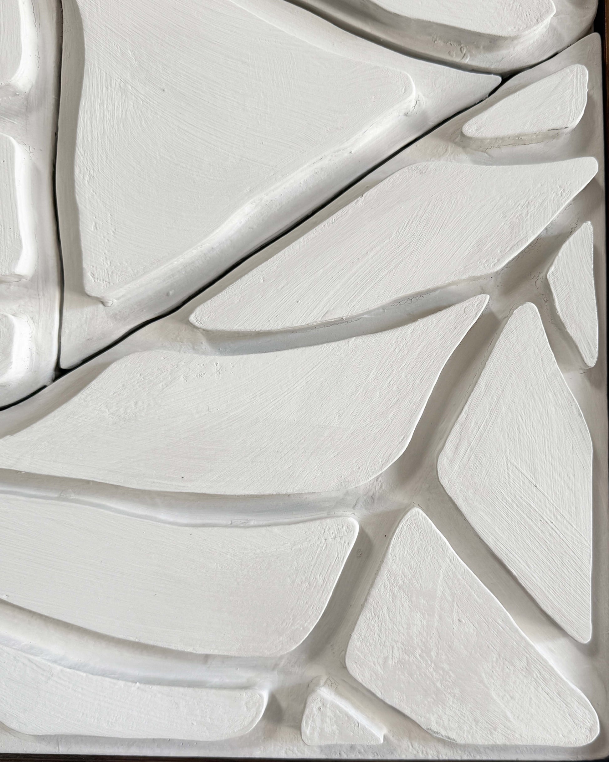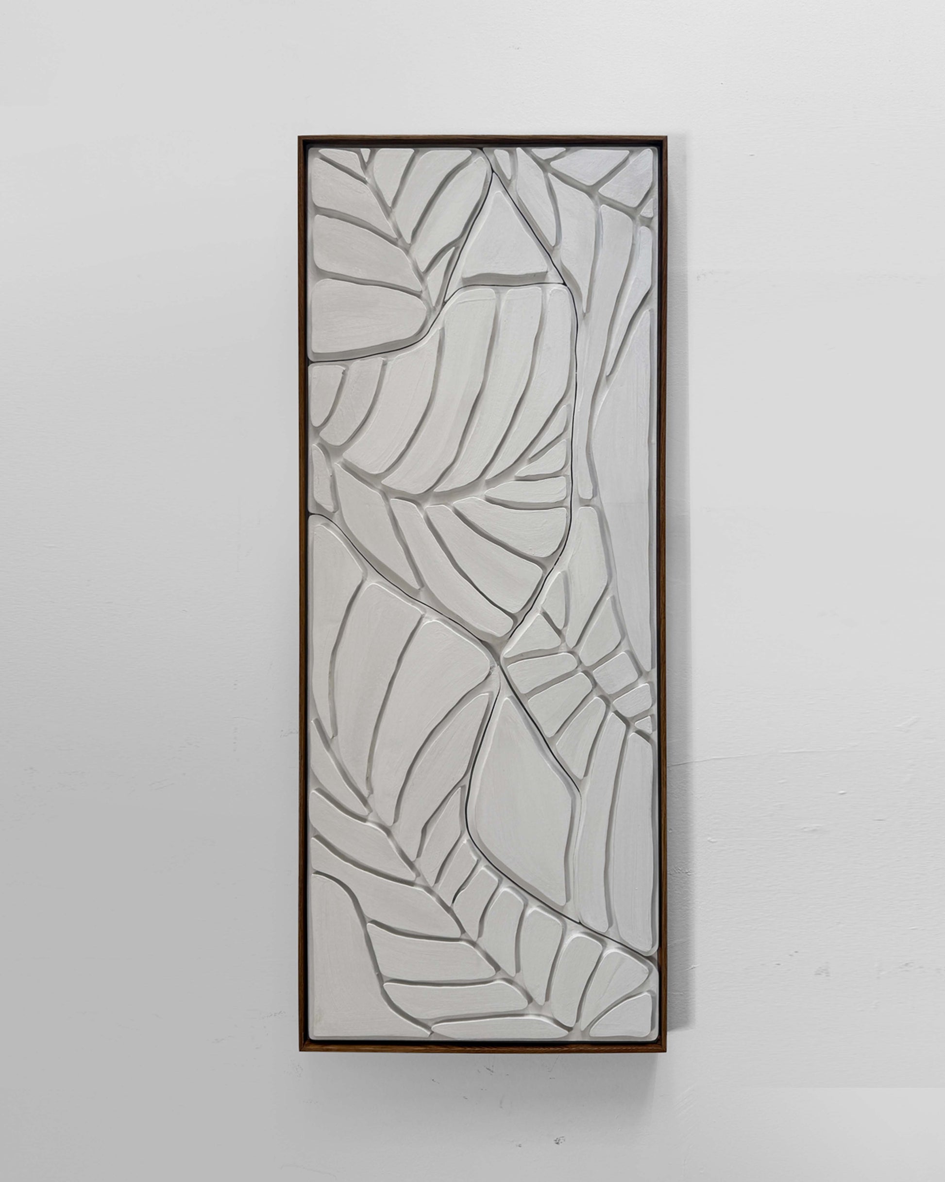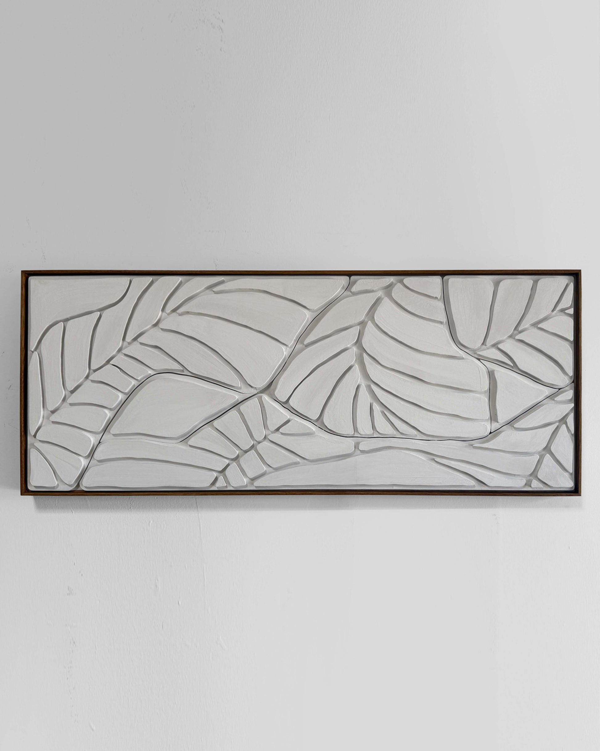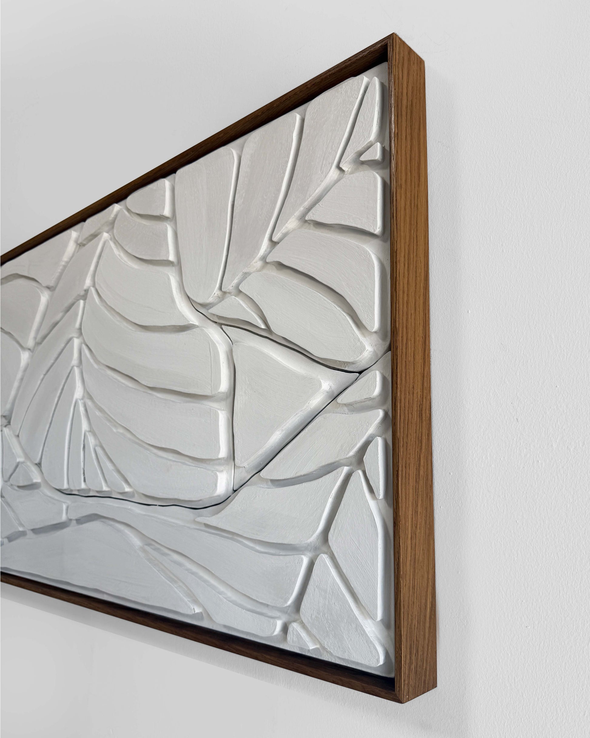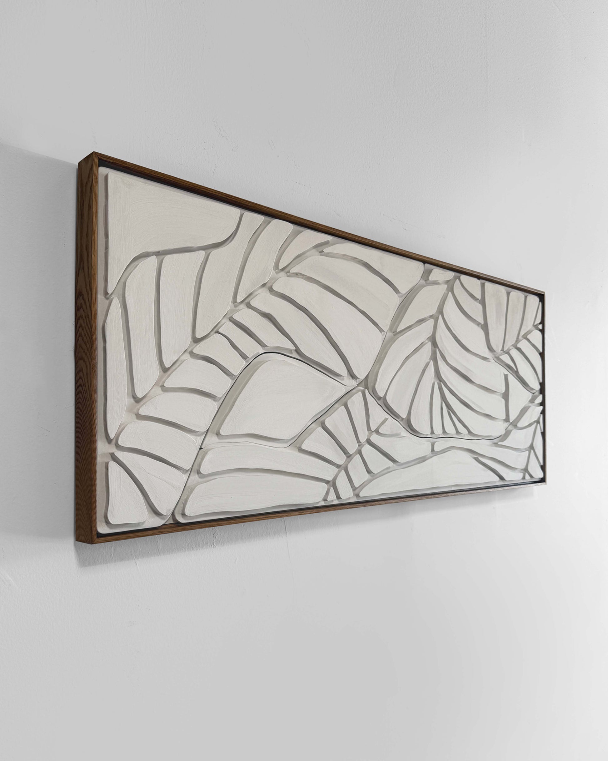 Selva 3 is a 60" x 24" mixed media bas relief on wood panel in a crisp linen white lime wash paint. It is framed in a white oak floater frame with a clear coat sealer. French cleat included for easy hanging.
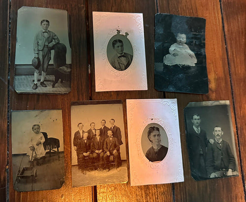 Big Lot of 37 Whole / Full Plate Folk Art Painted Antique Tintype Photos
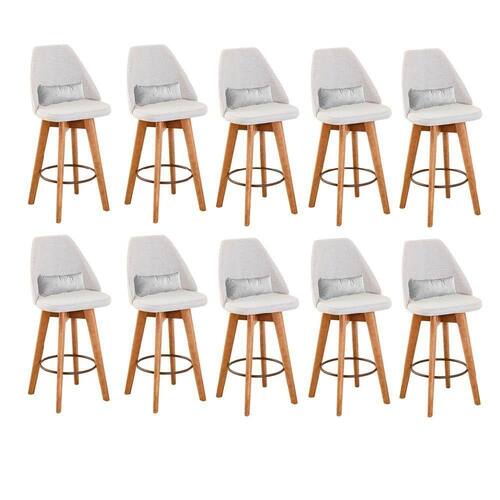 Kit 10 Banquetas Alta Maya Giratória Com Encosto Gourmet Linho Bege E Almofada Suede Branco - Gat Magazine Banqueta Maya Giratória - GAT MAGAZINE A Banqueta Maya possui assento e pés em madeira eucalipto com sistema giratório! Os pés contam com um reforço que proporciona um suporte de peso de até 120 assento é revestido com espuma D-23. Além de bonita e charmosa, vai trazer para seu ambiente elegância e proporcionará conforto para sua família e amigos nos momentos de lazer.
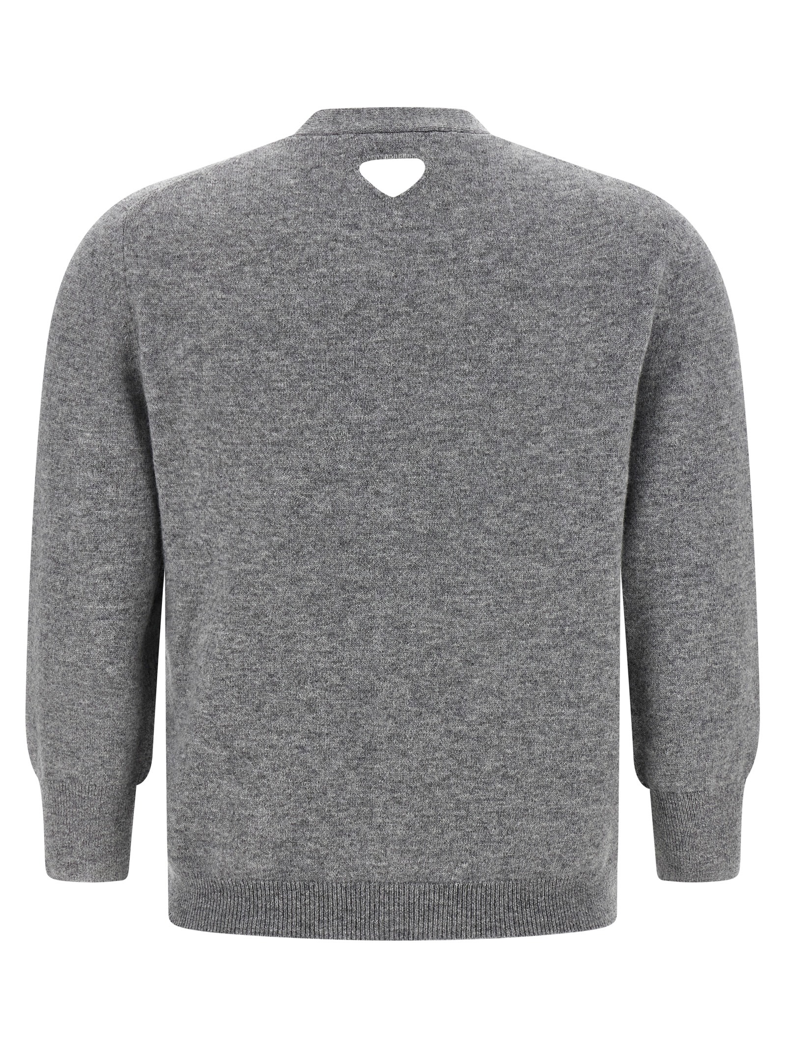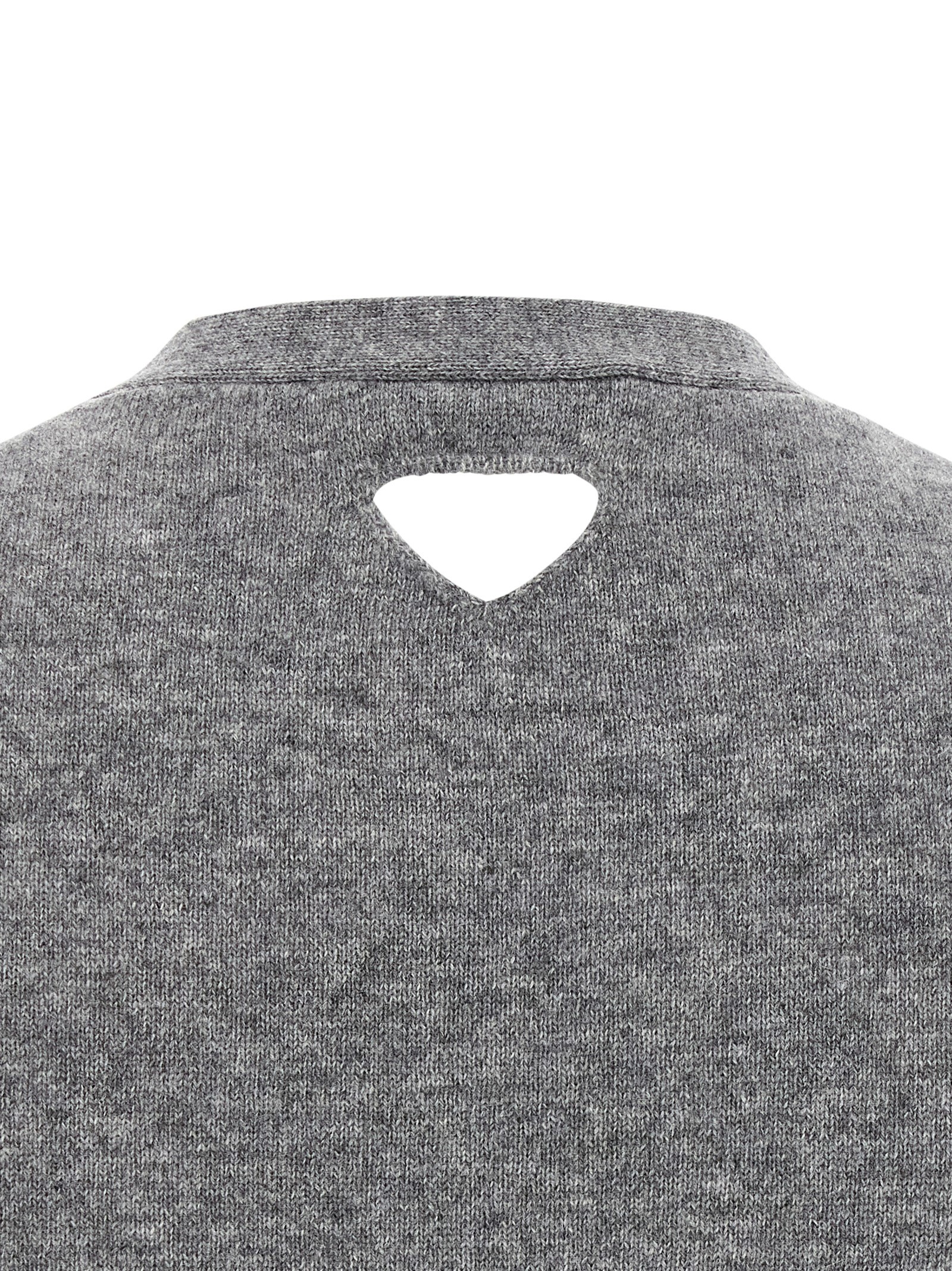 Cashmere cardigan, V-neck, button closure, pockets, cut out logo back detail, long cuffed sleeves.

_Work to be completed_
In the copy, omit the pictures and give every line of the data exactly.

_Solved exercise_
 Selva 3 is a 60" x 24" mixed media bas relief on wood panel in a crisp linen white lime wash paint. It is framed in a white oak floater frame with a clear coat sealer. French cleat included for easy hanging.
 Big Lot of 37 Whole / Full Plate Folk Art Painted Antique Tintype Photos
 Kit 10 Banquetas Alta Maya Giratória Com Encosto Gourmet Linho Bege E Almofada Suede Branco - Gat Magazine Banqueta Maya Giratória - GAT MAGAZINE A Banqueta Maya possui assento e pés em madeira eucalipto com sistema giratório! Os pés contam com um reforço que proporciona um suporte de peso de até 120 assento é revestido com espuma D-23. Além de bonita e charmosa, vai trazer para seu ambiente elegância e proporcionará conforto para sua família e amigos nos momentos de lazer.
 Cashmere cardigan, V-neck, button closure, pockets, cut out logo back detail, long cuffed sleeves.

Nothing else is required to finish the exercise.